Byline: Scott MALCOLM'S

Trying a new game suited me to a tee this week as I got the chance to combine two of my favourite sports - and beat my mates playing it.

I'm talking about footgolf, a game that's been gaining a lot more popularity here recently and something I was always eager to try, especially as I love both golf and football.

I can certainly say it never disappointed. I had such a great time.
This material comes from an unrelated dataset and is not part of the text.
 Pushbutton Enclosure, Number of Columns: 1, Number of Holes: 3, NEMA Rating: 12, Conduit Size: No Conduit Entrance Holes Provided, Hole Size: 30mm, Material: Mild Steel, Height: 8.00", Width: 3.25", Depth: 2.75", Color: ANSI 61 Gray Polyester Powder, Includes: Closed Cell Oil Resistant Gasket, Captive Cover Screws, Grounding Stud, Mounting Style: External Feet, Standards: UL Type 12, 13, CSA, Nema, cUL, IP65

It had you thinking like you would during a normal round of golf as well as the enjoyment of getting to welly a football or a more cultured shot around trees or using the slopes of the course.

I have to admit for something that was meant to be a little bit of fun, I did get really into it and my competitive side definitely came out.
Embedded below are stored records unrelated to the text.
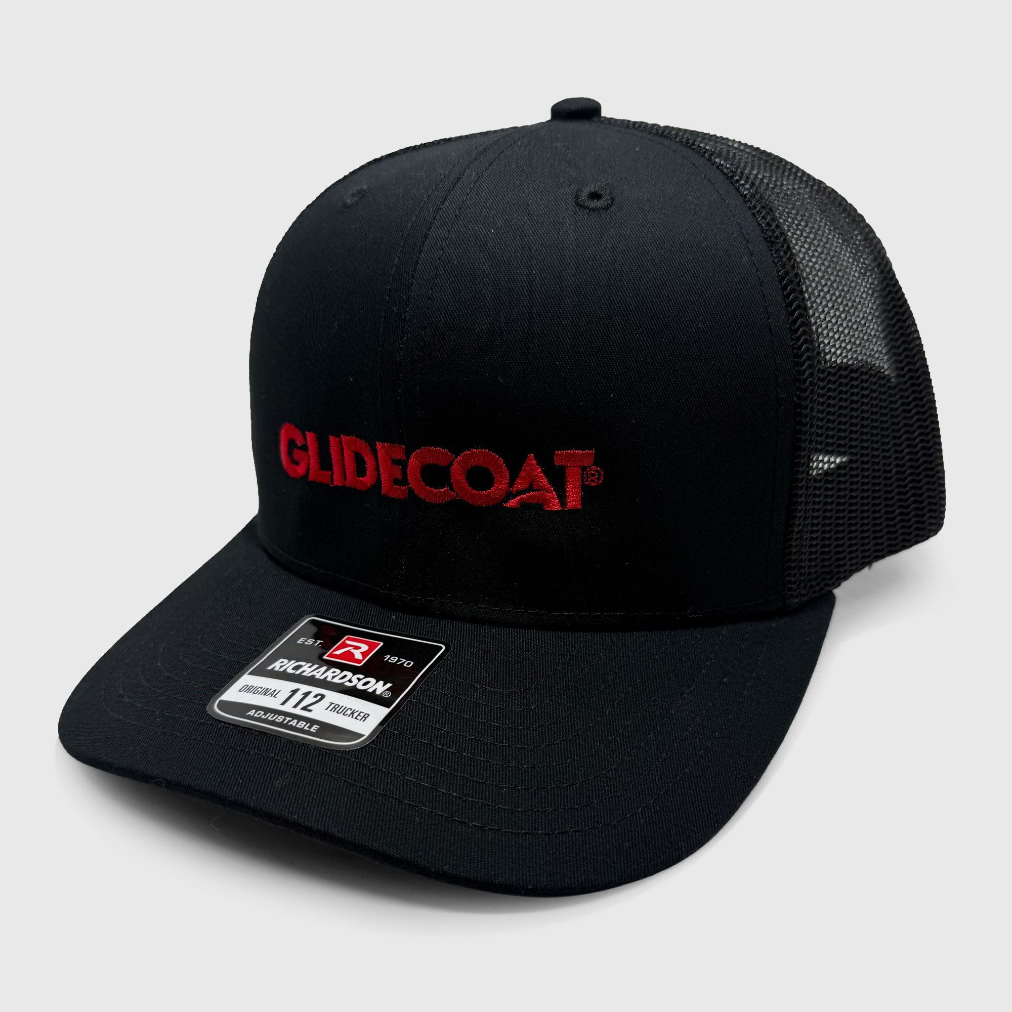Classic six-panel mesh trucker cap with adjustable snapback. Features the Glidecoat logo in red across the front panels with slightly curved bill and mesh back for maximum breathability.
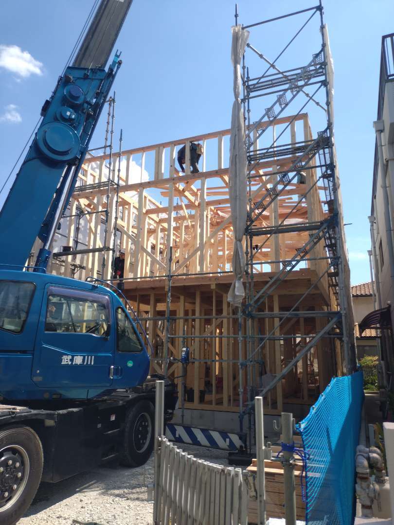西宮市甲子園町にて木造戸建て住宅の新築棟上げです。
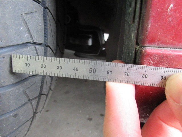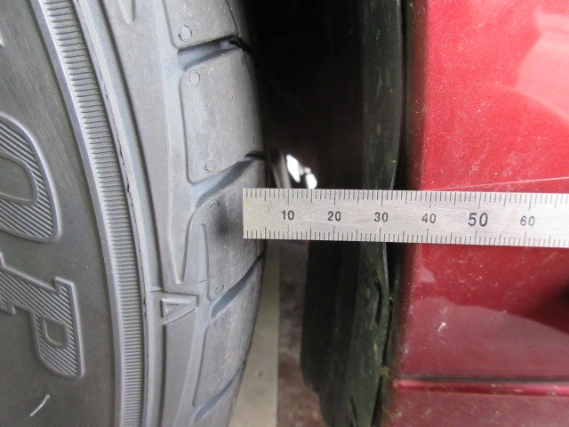 左の前タイヤが後ろに寄っていますね。
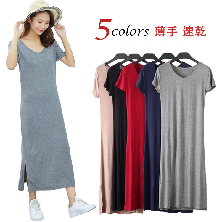 ワンピース ロング スリップ プルオーバー 伸縮性 サイドスリットレディースファッション ワンピース
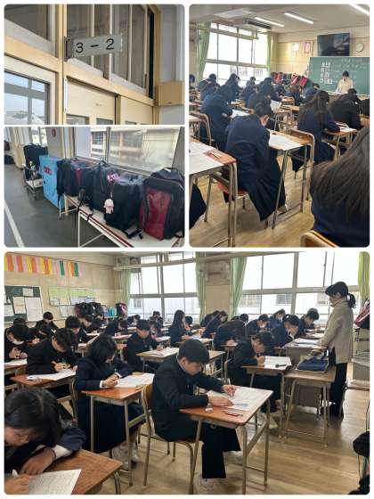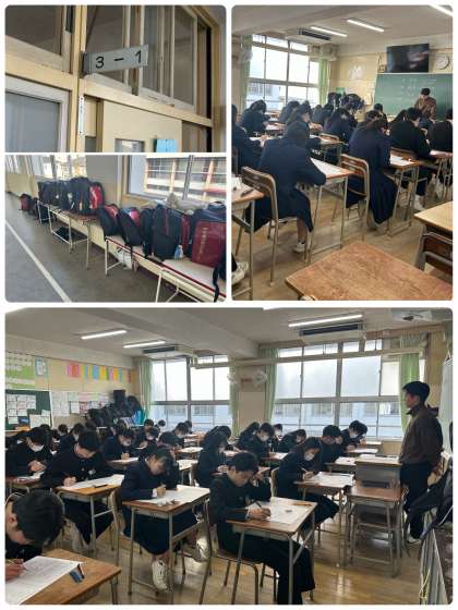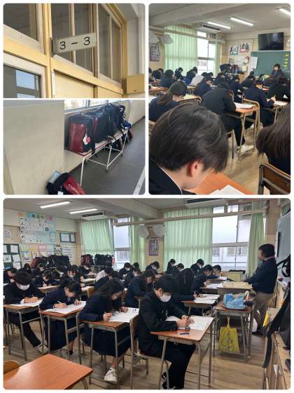 写真は1限目の英語科テストで、リスニングテストが終わった後、問題用紙のテストに取り組んでいる各学級の様子です。

I was reading putts like I was playing in The Open as well as driving low shots or floating them using the wind like you would do when playing golf normally.

With it being my first round of football golf I was walking away rather chuffed with myself after beating my two friends comfortably as well as shooting an under-par round.

I might have even found myself a career after football.

It's also good to see that even in America they called it footgolf.

Maybe there is hope that they will eventually realise the rest of the world use the word football and Americans will stop using the word soccer - although I'm not holding my breath for that.

Especially since I'm living in the South and they take their American football seriously here.

Speaking of the South, it's been a big week here politically with calls to remove the Confederate flag from state buildings.

I only have to scroll down my Facebook timeline to see people sharing newspaper articles or having heated debates. Facebook has turned into the House of Commons for me.

The South is a very traditional place and their views on certain things can be seen as old fashioned to outsiders.

Before moving here I simply saw the Confederate flag as a symbol of racism.

But as this debate has been going on I've taken more of an interest in how people here view their history and the importance of this flag in their culture.

Lots of Southern people are unhappy about losing the flag.

As an outsider I've been speaking to my friends about it and some of them believe the flag isn't racist and it was just racist groups who adopted it and tainted the actual meaning and honour of the flag.

Many Southerners see the flag as a symbol for those who died in the Civil War and as a relic of history.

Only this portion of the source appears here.